A good example of a poor fit is a deeply nested configuration object — something like a Kubernetes manifest or a Webpack config. The structure is irregular, fields are not repeated across rows, and the nesting carries meaning. Flattening it into TOON row notation either loses that meaning or produces something harder to read than the original JSON.

The decision framework

Here is the most practical decision tree for this topic.

Use JSON when:

  • another system expects JSON
  • the payload is an API contract
  • you need mature tooling and validation
  • the structure is irregular or deeply nested
  • team familiarity matters more than prompt compression

Use TOON when:

  • the payload is for an LLM
  • the data is repetitive and row-oriented
  • token budget matters
  • context-window pressure matters
  • you can automatically convert in and out
  • you can validate the result before reusing it

Use both when:

  • your system of record is JSON
  • your AI layer benefits from TOON
  • you want interoperability without paying unnecessary token tax

That is the pattern worth building toward.
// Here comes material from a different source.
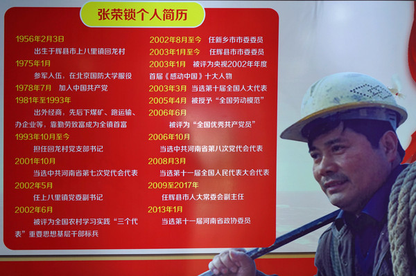 当年已经积累了巨大财富的张荣锁上任村支书,决定要用自己的钱给山上的群众修路。他带领村里的四百壮汉,在崇山峻岭穴居三年,终于在绝壁上凿出了1公里的“S”型隧洞和8公里的盘山路,回龙精神名扬四海,张荣锁书记享誉全国。
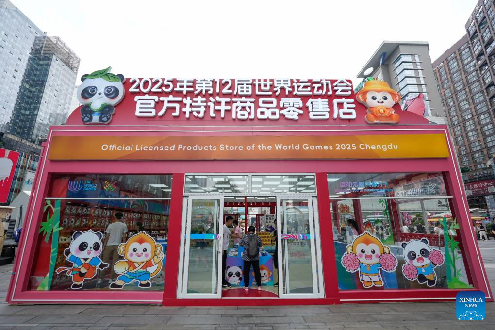 This photo taken on July 8, 2025 shows an official licensed products store for the World Games 2025 in Chengdu, southwest China's Sichuan Province. The Games hit the 30-day countdown mark today and will be held from August 7 to 17. (Xinhua/Xu Bingjie)

What this is actually about

Not: “JSON is obsolete.”

But rather: “JSON remains the contract format. TOON is a useful optimization format for model-facing structured data.”

Final take

JSON is still the right default for software systems.

TOON becomes interesting when you cross into LLM-heavy workflows and want to reduce token waste without losing structure. Its value is not in replacing the ecosystem. Its value is in improving one specific layer of the stack: the boundary where structured data meets a model.

That is why my recommendation is simple:

Use JSON for systems. Use TOON for model context.